Really, whats a few nanoseconds between friends?
But you are right about those old days. In college in 1995 I got a Mac 7200 that had 8 MB of RAM. You could not even open MS Word without getting an insufficient memory problem. So we all shared this old program (loaded by a couple of floppies) called RAM Doubler, which I suppose swapped memory to the hard drive. This was needed as the computer was handicapped right out the box unless you spent a few zillion $$ on 8 MB more RAM. But those old boxes were fun to upgrade!
Connectix RamDoubler (around $50, for those who bought it) was an extension in the System 7 days that did the following:
1. Reclaim memory that apps reserved (recall that in System 7, you had to manually reserve RAM for applications. Reserve too much, you wasted RAM; reserve not enough and that app would get out of memory errors and you could lose data). This was a horrible system from start to finish, and was an embarrassment for Apple; the Amiga (with good multitasking released years before) walked all over concurrent MacOS for multitasking.
2. Compress RAM. Does the obvious - use the CPU, slow as it was, to claw back some usable RAM.

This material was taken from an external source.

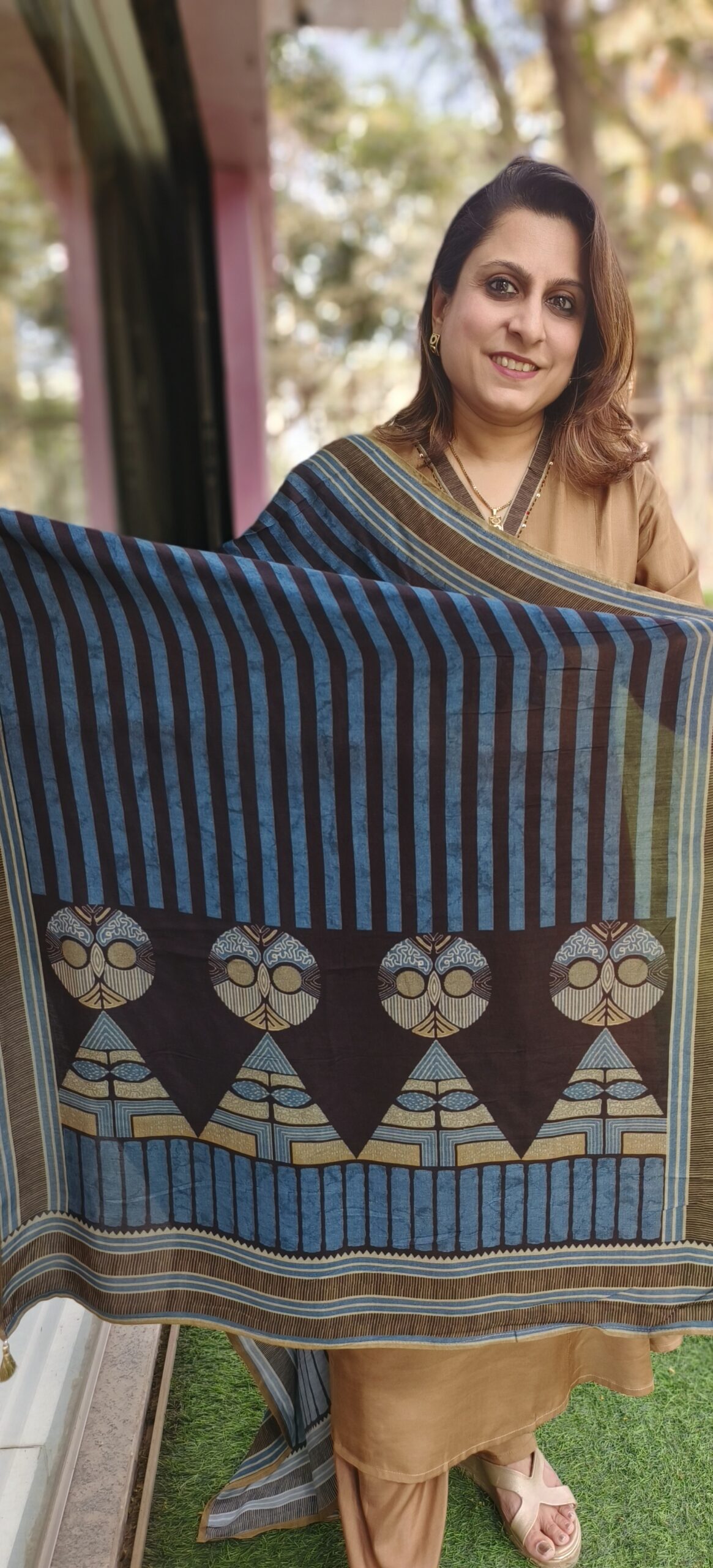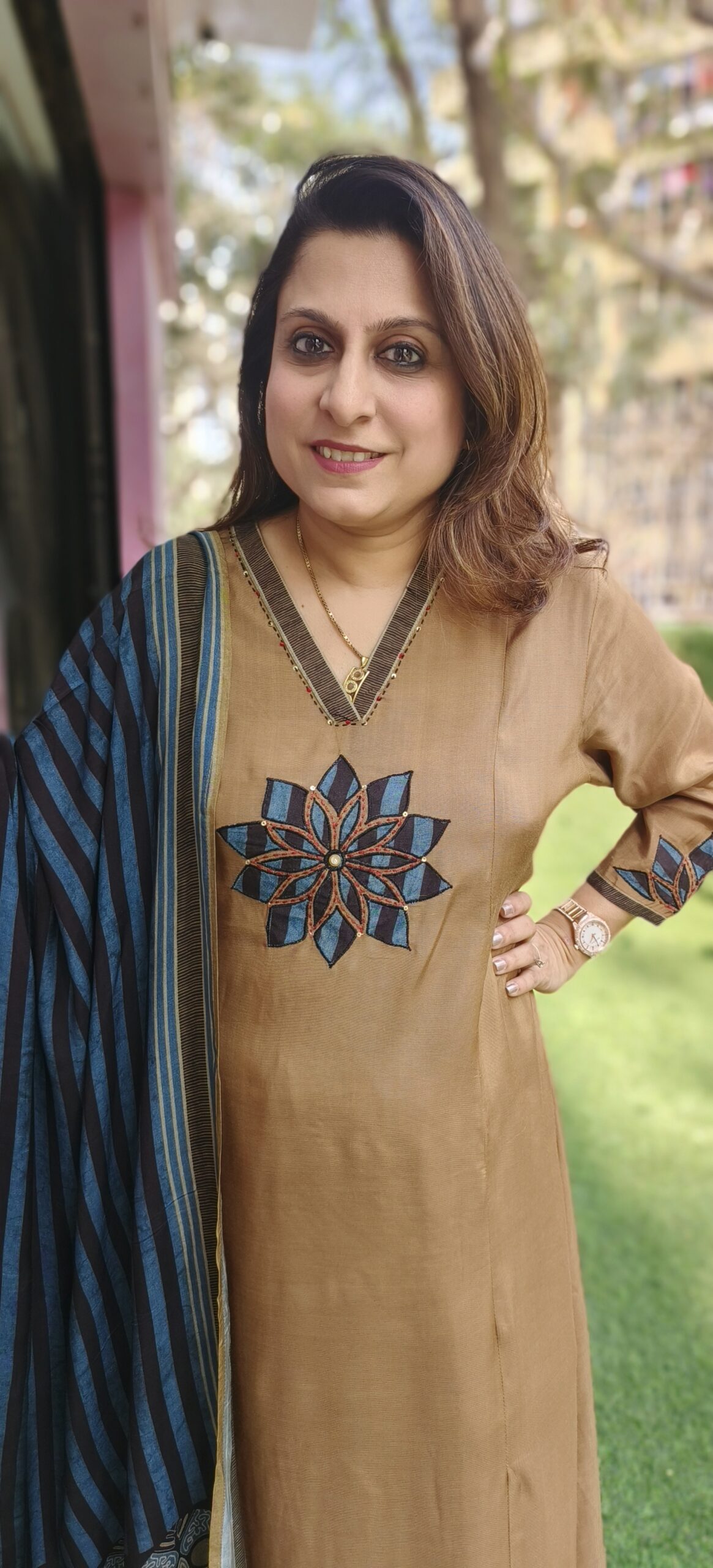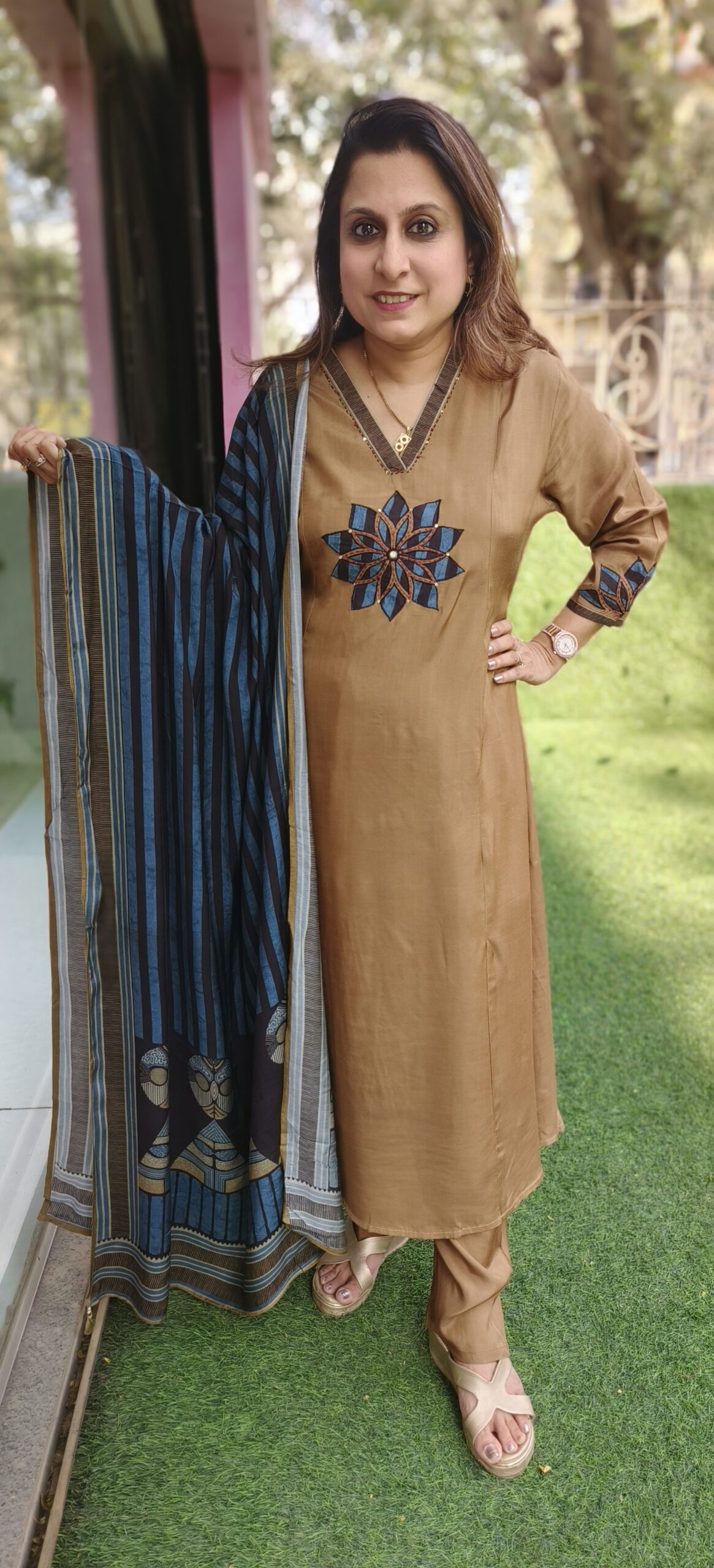 a muslin V neck 3 piece set with a beautiful printed dupatta. Delicate highlights are on the neck and patchwork is done on the neck and sleeves.

3. Then finally it fell back to virtual memory. Assuming you had an MMU (68030+) you'd have memory management and the ability to page, and you could use virtual memory.
This is exactly what we have now (well, there's not as much a concept of #1, but the other two apply).
The downside was the entire OS didn't have memory protection - apps could walk all over each other; one crashed and they all did (or could). Contrast that with modern MacOS, released in 2000 or so, which fixed all of this, so a userland app can't take down the entire OS.
At no point in this was it accurate to say that something fundamentally changed with respect to running "from disk" vs. "from RAM". From System 7 onwards, with a 68030 or higher, virtual memory was part and parcel of the expected experience with the OS. With MacOS X 1.0, it became an even more important part, the MMU was fully utilized to protect the rest of the system, and .. still ... RAM is used to run applications, with a fallback to disk as required.